Drop the pictures; give again exactly the lines from the one holding "सिद्धिविनायक मंदिर में" through the end of the data.

- Source data -
----------------------------------------

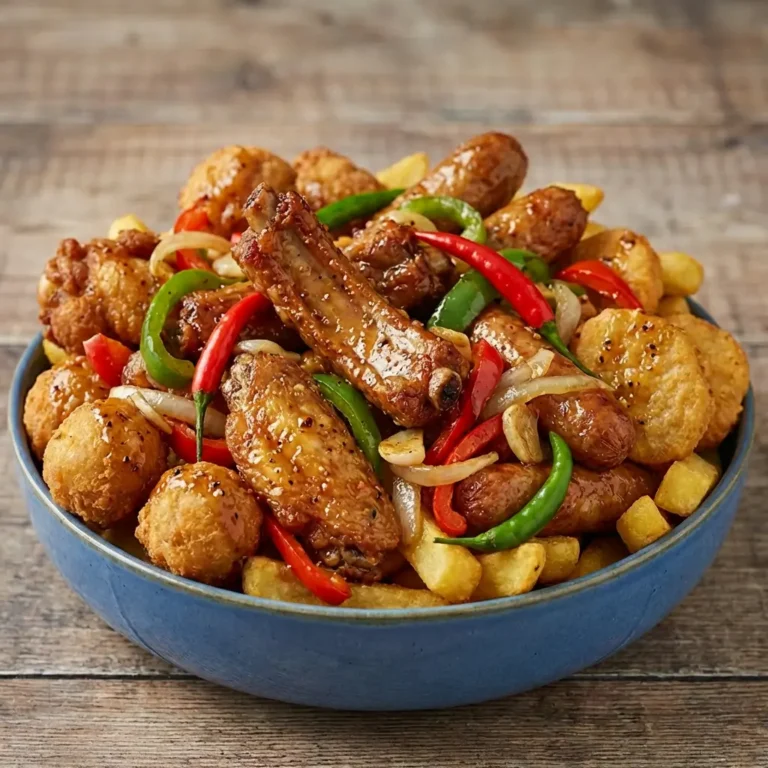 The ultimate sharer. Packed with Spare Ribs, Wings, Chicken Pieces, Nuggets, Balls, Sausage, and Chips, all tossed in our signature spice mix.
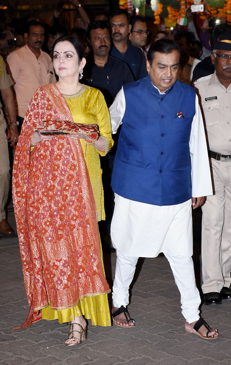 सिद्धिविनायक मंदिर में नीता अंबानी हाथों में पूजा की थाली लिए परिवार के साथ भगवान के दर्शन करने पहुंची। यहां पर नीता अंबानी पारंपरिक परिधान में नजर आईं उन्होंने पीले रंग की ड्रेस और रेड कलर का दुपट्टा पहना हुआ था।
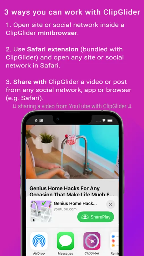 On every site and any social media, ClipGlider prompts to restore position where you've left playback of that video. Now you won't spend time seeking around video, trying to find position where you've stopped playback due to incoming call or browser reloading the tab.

----------------------------------------

- Solution below -
 सिद्धिविनायक मंदिर में नीता अंबानी हाथों में पूजा की थाली लिए परिवार के साथ भगवान के दर्शन करने पहुंची। यहां पर नीता अंबानी पारंपरिक परिधान में नजर आईं उन्होंने पीले रंग की ड्रेस और रेड कलर का दुपट्टा पहना हुआ था।
 On every site and any social media, ClipGlider prompts to restore position where you've left playback of that video. Now you won't spend time seeking around video, trying to find position where you've stopped playback due to incoming call or browser reloading the tab.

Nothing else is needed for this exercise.